TASK: Of all the lines below, return only those starting with the line holding "Fermagli per capelli" and going on through the line holding "Eiersalat und Radies", exactly as written.

DATA FOR REVIEW:
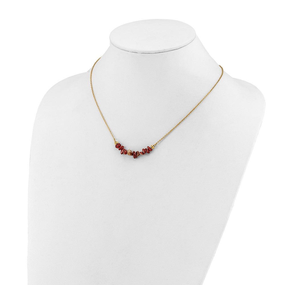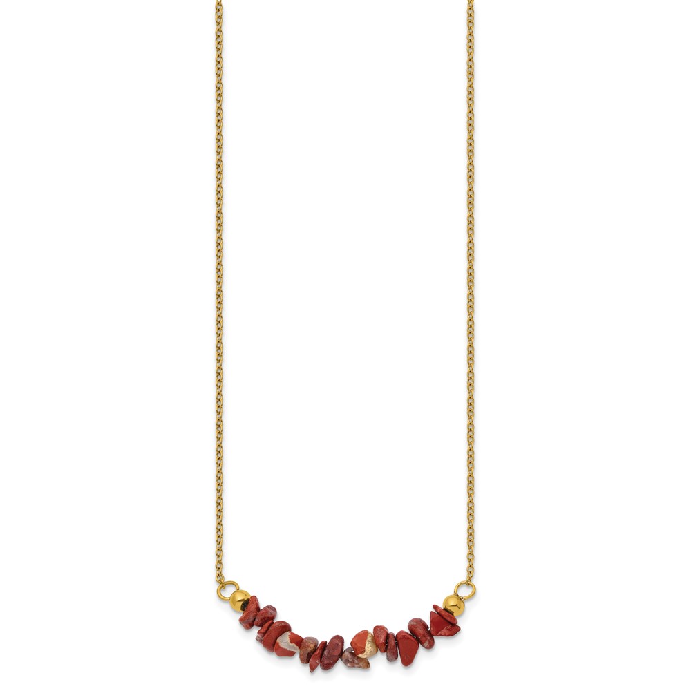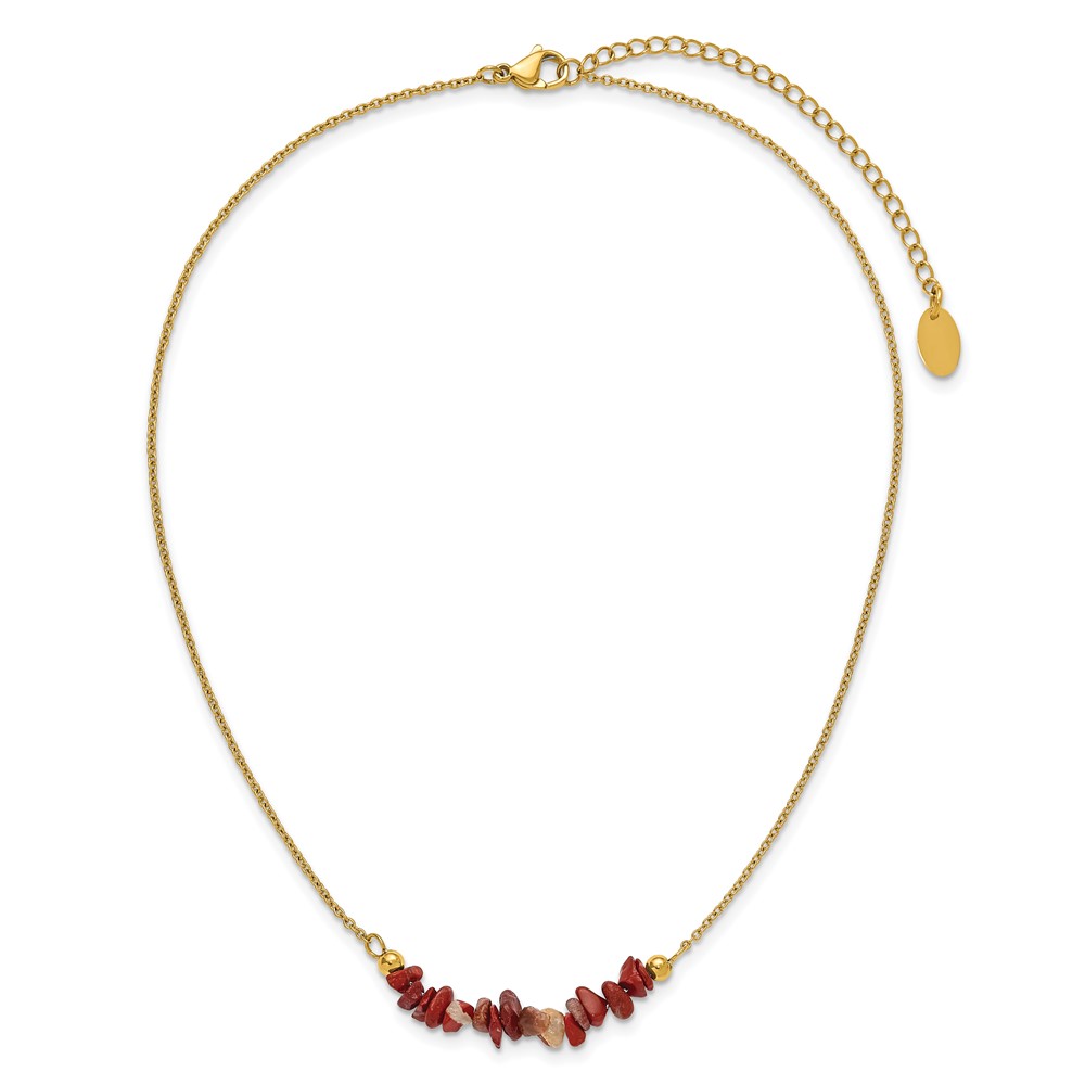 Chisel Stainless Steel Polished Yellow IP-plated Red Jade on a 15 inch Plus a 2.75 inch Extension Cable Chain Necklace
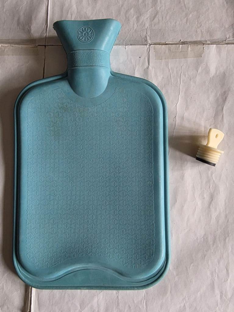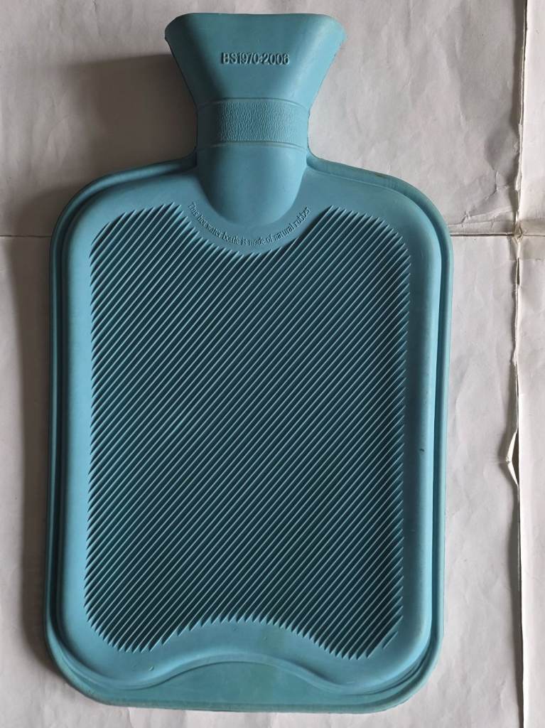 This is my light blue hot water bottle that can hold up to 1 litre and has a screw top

==

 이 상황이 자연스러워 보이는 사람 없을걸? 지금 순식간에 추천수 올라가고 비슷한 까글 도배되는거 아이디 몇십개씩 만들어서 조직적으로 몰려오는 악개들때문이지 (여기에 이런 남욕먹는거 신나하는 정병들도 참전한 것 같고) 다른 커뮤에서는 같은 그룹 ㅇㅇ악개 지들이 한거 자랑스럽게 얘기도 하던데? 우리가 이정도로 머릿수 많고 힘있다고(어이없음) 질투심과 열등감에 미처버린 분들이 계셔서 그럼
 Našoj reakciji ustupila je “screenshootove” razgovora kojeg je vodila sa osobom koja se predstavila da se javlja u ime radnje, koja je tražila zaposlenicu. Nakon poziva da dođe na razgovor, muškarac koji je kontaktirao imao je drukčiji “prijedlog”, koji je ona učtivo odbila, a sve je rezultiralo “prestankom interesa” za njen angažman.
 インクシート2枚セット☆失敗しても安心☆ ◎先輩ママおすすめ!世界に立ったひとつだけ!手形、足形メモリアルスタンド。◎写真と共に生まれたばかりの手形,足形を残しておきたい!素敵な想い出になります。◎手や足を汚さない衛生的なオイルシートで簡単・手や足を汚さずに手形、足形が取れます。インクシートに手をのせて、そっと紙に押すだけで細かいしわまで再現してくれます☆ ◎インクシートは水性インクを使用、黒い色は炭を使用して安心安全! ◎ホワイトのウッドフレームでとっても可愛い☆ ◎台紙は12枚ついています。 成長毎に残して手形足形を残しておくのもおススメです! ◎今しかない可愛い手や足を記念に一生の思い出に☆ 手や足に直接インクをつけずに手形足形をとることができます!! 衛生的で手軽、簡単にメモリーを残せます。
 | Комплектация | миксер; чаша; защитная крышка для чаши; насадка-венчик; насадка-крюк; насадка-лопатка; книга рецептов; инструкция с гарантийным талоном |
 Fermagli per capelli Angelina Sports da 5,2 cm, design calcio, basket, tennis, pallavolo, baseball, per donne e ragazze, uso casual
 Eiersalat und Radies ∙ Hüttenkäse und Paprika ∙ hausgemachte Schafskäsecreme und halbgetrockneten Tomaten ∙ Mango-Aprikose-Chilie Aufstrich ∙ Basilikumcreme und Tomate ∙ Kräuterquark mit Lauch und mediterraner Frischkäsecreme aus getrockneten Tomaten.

EXERCISE ANSWER:
 Fermagli per capelli Angelina Sports da 5,2 cm, design calcio, basket, tennis, pallavolo, baseball, per donne e ragazze, uso casual
 Eiersalat und Radies ∙ Hüttenkäse und Paprika ∙ hausgemachte Schafskäsecreme und halbgetrockneten Tomaten ∙ Mango-Aprikose-Chilie Aufstrich ∙ Basilikumcreme und Tomate ∙ Kräuterquark mit Lauch und mediterraner Frischkäsecreme aus getrockneten Tomaten.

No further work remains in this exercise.